I’m curious if you’d also move into API testing too using the same discovery/attempt approach.

mpapazian•3mo ago
This is one of our biggest challenges, you're spot on! What we're working on taking this includes a memory layer that agents have access to - thus state changes become part of their knowledge and accounted for while conducting a test.

They're also smart enough to not be frazzled by things having changed, they still have their objectives and will work to understand whether the functionality is there or not. Beauty of non-determinism!

not-chatgpt•3mo ago
Been looking for a solution exactly like this but I struggle to see how it is different than spinning 10 Atlas tabs with a 2 sentence prompt.
mpapazian•3mo ago
You could definitely do that and get some good results! But if you want a repeatable process with detailed bug reports (including logs, reasoning, etc.) and a large enough search area with agents that can continuously build an understanding of your app - that's us :)

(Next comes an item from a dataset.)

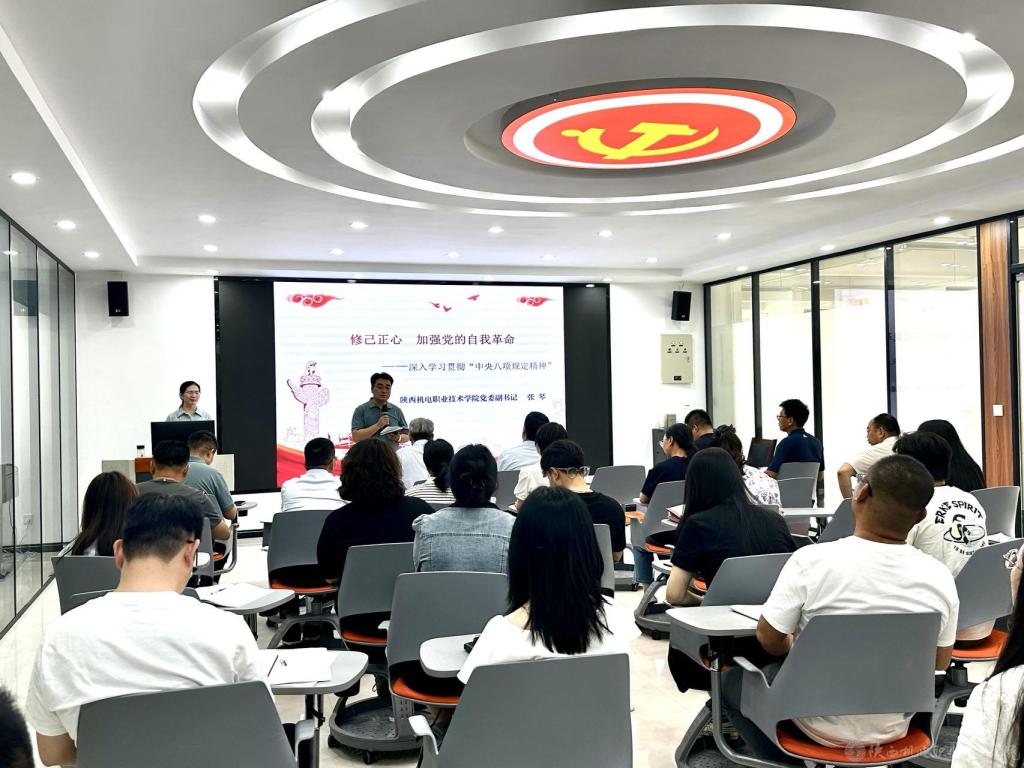 6月11日下午,一堂主题鲜明、内涵深刻的专题党课在蟠龙校区图书馆二楼模拟仿真教室开讲。校党委副书记张琴以 “修己正心 加强党的自我革命——深入贯彻中央八项规定精神学习教育”为题,为电子信息学院党支部、学生工作党支部、招生就业党支部全体党员带来了一场思想与文化交融的精神盛宴,引导广大党员深刻领悟中央八项规定精神的时代内涵与实践要求。

let's chat - founders@propolis.tech

tarasyarema•3mo ago
Looks interesting! How it would work in terms of latencies? Also, would you be able to run on CI, or even with ephemeral envs? From my experience it is key to be able to run it on each change.
webprofusion•3mo ago
This is a great idea and definitely useful, in particular this would make sense if it can take the build artifacts of recent github action builds and test them comprehensively, particularly to green-light a release. You can already pretty much do this using the standard agent tools and a set of test prompts so anything that makes it easier and repeatable is good.

The pricing sounds quite enterprisey, the risk there is that people will tend towards building their own.

_bfjg•3mo ago
Great to see others working on the problem of validating UI.

We are also building a Web QA agent at https://kodefreeze.com. We are focused on the small and medium sized companies and are offering free usage during our trial period!

nkmnz•3mo ago
Will certainly try this out! FYI: the pricing table is difficult to parse when reading it on mobile.
kodefreeze•3mo ago
Thanks for letting us know, we'll fix it.

Please let us know if you have any feedback!

MrThoughtful•3mo ago
When running a test all I see is:

    Error loading video
    Please try refreshing the page
No matter how often I refresh, that is all I get.

Maybe you need more QA?

When I open my browser console, I see this:

    Capturing error: Error: WHEP request failed: 500 - {"message":"\"message\" is required!","error":"Server Error"}
kodefreeze•3mo ago
Sorry that you are running into this error, are you seeing this on the marketing website? or somewhere in the app?
wyatthoran•3mo ago
Oh this is sick! I've been complaining about this exact problem for years. The "canary without real users" idea is brilliant - way better than just throwing your free tier users under the bus and hoping for the best.

The thing that really got me was catching bugs in non-deterministic output. We've been struggling with this on LLM features where traditional assertions just don't work. Having agents actually judge quality instead of looking for exact matches is such an obvious solution in hindsight.

Quick question though - how do you handle auth flows with MFA or OAuth redirects?

mhb•3mo ago
I did a trial run with a poorly chosen URL. Wanted to rerun with a better one. When i click "Launch Swarm" nothing happens. Am I done? Maybe there should be a message displayed?